Мама дрожащим голосом спросила:
— Кто ты, сынок?
— Понимаешь, мама, в нашем мире помимо обычных людей живут ещё и такие, которые в глубокой древности получили от Богов в дар способности к колдовству и магии. — моя мама была учительницей истории, а потому я мог ей рассказывать всё надеясь на то, что она поймёт меня правильно — Представь себе, это были наши, славянские Боги. Правда, вместе с теми, о ком я говорю, в ваш мир, то есть на Землю, проникает ещё и зло, имеющее колдовские силы, так что я воин, который сражается с ним.
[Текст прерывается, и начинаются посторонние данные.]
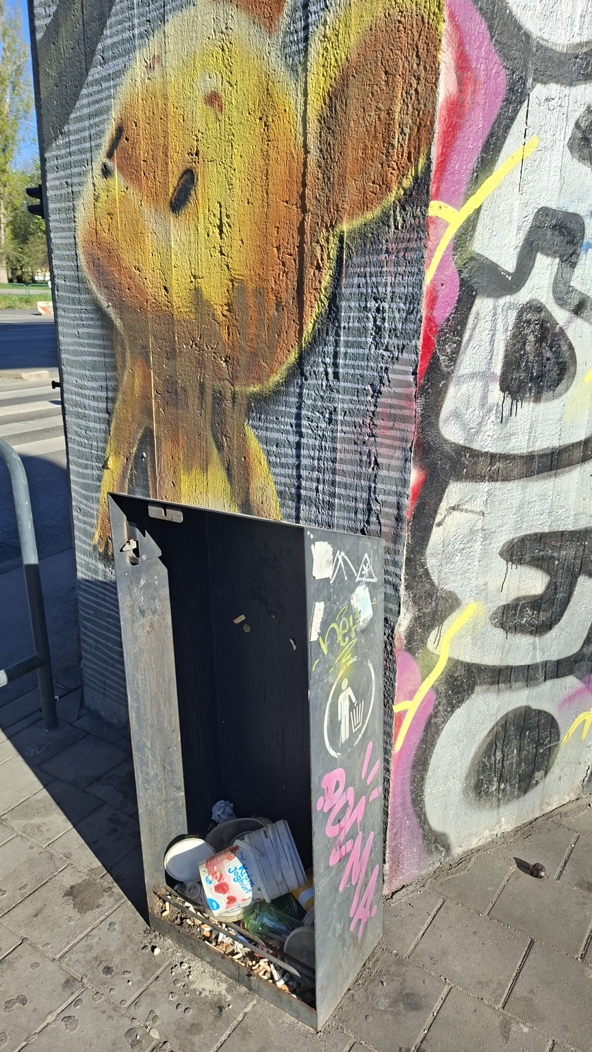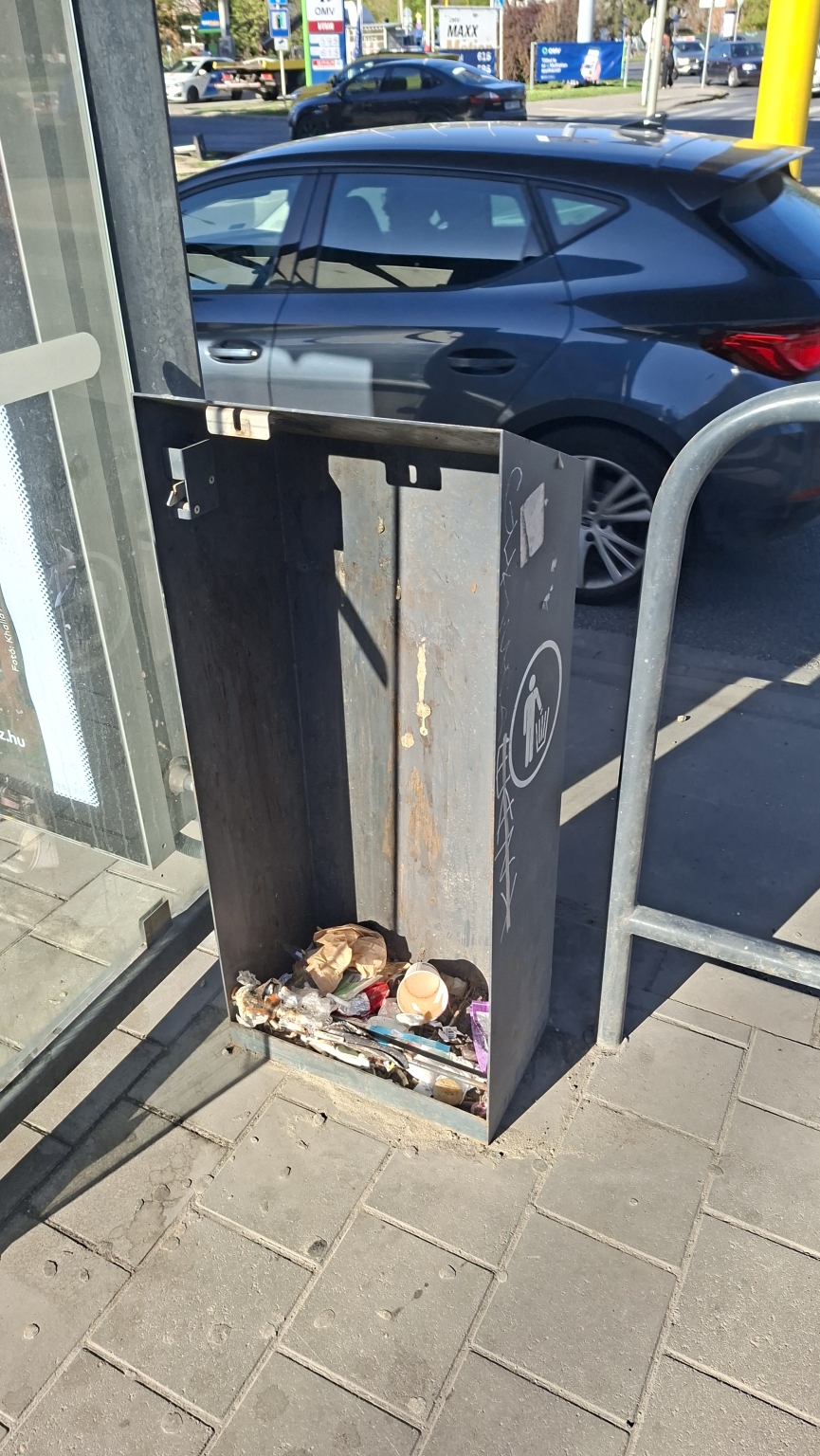A 17, 61 vilamos BAH csomópont megállójában a szemeteskuka szét van rúgva, verve, darabjai hiányoznak. Kérem egy új szemetes kihelyezését.

Я волк-оборотень и к тому же не простой и даже не знаю, радоваться этому или нет…
Мама посмотрела на меня очень пристально и прошептала:
— Неужто ты в самом деле король Сережень? — и тут же принялась извиняться, — Серёженька, ты уж прости меня, но когда я попросила, чтобы в твоей метрике написали Сережень, на меня тут же накричали и сказали, что такого имени в русском языке нет и поэтому мне пришлось назвать тебя Сергеем.
Так, выяснилась ещё одна любопытная деталь. Хотя я видел, что маме всё же трудно говорить об этом, всё же попросил:
— Мама, расскажи мне, как всё случилось? Пойми, это очень важно для меня и особенно Насти. За внучку не волнуйся, она в полной безопасности, да и за меня тоже не беспокойся, но у нас обоих сейчас далеко не самый лёгкий период в жизни. Возможно, что я получу от тебя ответ не только на вопрос, кто мои родители, но и куда более важную информацию, которая мне сейчас очень нужна.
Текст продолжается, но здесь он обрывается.